I can relate. I would surely fall asleep in a tree. I tend to dose off when glassing. If I didn't have a bino system strap on my binos, I would surely have dropped them on the rocks below.


----------



## t_boneking (May 22, 2014)

I use summit climbing tree stands and I love them. Most of the trees I hang them in can't be climbed but I just haul them up and hang them. They are super comfortable and I can fall asleep in them. The ones I use have a fully enclosed arm rest type system that keeps me from falling out. That combined with a good safety harness helps me feel 100% comfortable. I have taken a few bears and a few elk out of them over the years and they work great. They are a little bit heavy to haul in but in my opinion they are worth it.


----------



## longbow (Mar 31, 2009)

t_boneking said:


> I use summit climbing tree stands and I love them. Most of the trees I hang them in can't be climbed but I just haul them up and hang them. They are super comfortable and I can fall asleep in them. The ones I use have a fully enclosed arm rest type system that keeps me from falling out. That combined with a good safety harness helps me feel 100% comfortable. I have taken a few bears and a few elk out of them over the years and they work great. They are a little bit heavy to haul in but in my opinion they are worth it.
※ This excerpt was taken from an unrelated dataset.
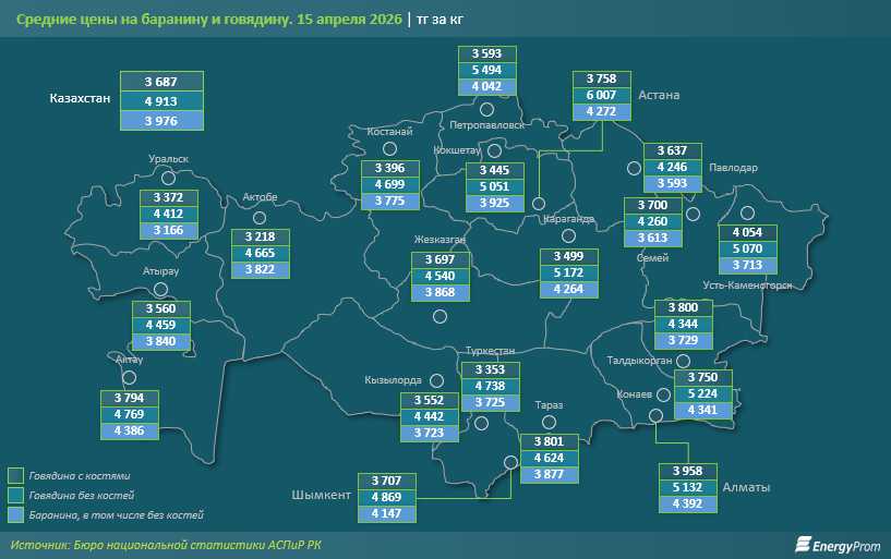 Ценовая ситуация подтверждается и уровнем средних цен. Так, в среднем по стране говядина с костями на 15 апреля стоила 3,7 тыс. тг за кг, говядина без костей — 4,9 тыс. тг, баранина, в том числе без костей — около 4 тыс. тг. Астана выделялась аномально высокой стоимостью бескостной говядины (более 6 тыс. тг за кг), в то время как в Усть-Каменогорске и Алматы были зафиксированы наибольшие цены на говядину с костями (4,1 тыс. и 4 тыс. тг соответственно), а самая дорогая баранина продавалась в Алматы и Актау (по 4,4 тыс. тг за кг).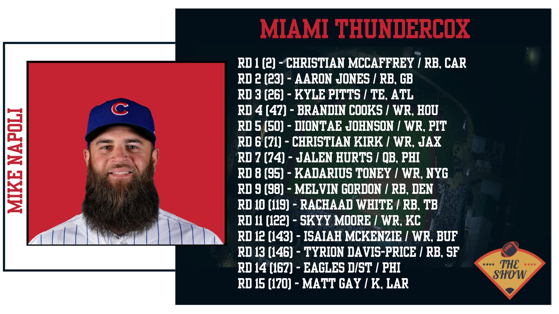 In my ESPN Fantasy induced haze when I couldn't see anything, I asked who had the best team and there was a lot of praise for Nap's early round. He seems like a great dude, but I do not agree. Christian McCaffrey is such a risky play at #2 overall. I understand his outstanding upside, especially in a PPR format, but the guy has played 10 games in 2 years, so I cannot get on board with him early. Aaron Jones is another one, while I like him a player, he's 27 years old and was ceding carries to AJ Dillon towards the end of the year. I realize he can also catch the ball, which is especially valuable, but I feel like his best days are behind him. Kyle Pitts has a ton of upside, but the guy scored 1 TD last year and his Quarterback just got worse. He'll need to get in the paint at least 8 times for that pick to be worth it at #26 overall. I don't mind the next three picks with Brandin Cooks, Diontae Johnson, and Christian Kirk filling out his Receiver room, but the rest of the draft isn't my favorite. Jalen Hurts is a tough play in a 6 point passing TD league. Especially with 30+ TD guys like Tom Brady, Aaron Rodgers, Joe Burrow and Russell Wilson going the round after. Kadarius Tony has some good upside and he's dynamite when he's on the field. The rest of the draft I respect the lottery tickets. If Rachaad White, Skyy More, Isaiah McKenzie, or Tyrion Davis-Price turn out to be a dude early, that could certainly help his outlook, but I wasn't an overall fan of the final product here.

I have two Loc-On treestands I got when I was a dealer in the early 90s. The Loc-On Limit weighs 8# and has two straps so you can sling it over your day pack and pack it out like a piggyback pack. 8#s is nothing to add to the weight of your day pack. It's never bothered me a bit to pack it in and out every day. When they went out of business I was really careful to not leave it in the woods for fear some d-bag would steal it and I couldn't replace it. I can't tell you how many days/hours I've spent in that treestand and never been uncomfortable. I also have a Loc-On Spirit with a bigger deck that weighs 12#. Still pretty light for a treestand.
I was pretty happy to find out they are back in business.


----------



## tallbuck (Apr 30, 2009)

longbow said:


> I have two Loc-On treestands I got when I was a dealer in the early 90s. The Loc-On Limit weighs 8# and has two straps so you can sling it over your day pack and pack it out like a piggyback pack. 8#s is nothing to add to the weight of your day pack. It's never bothered me a bit to pack it in and out every day. When they went out of business I was really careful to not leave it in the woods for fear some d-bag would steal it and I couldn't replace it. I can't tell you how many days/hours I've spent in that treestand and never been uncomfortable. I also have a Loc-On Spirit with a bigger deck that weighs 12#. Still pretty light for a treestand.
> I was pretty happy to find out they are back in business.


Longbow,

I checked out LOC ON treestands and they haven't been able to seel or ship and products after 10/31/2013... Have you bought anything since then?


----------



## longbow (Mar 31, 2009)

tallbuck said:


> Longbow,
> 
> I checked out LOC ON treestands and they haven't been able to seel or ship and products after 10/31/2013... Have you bought anything since then?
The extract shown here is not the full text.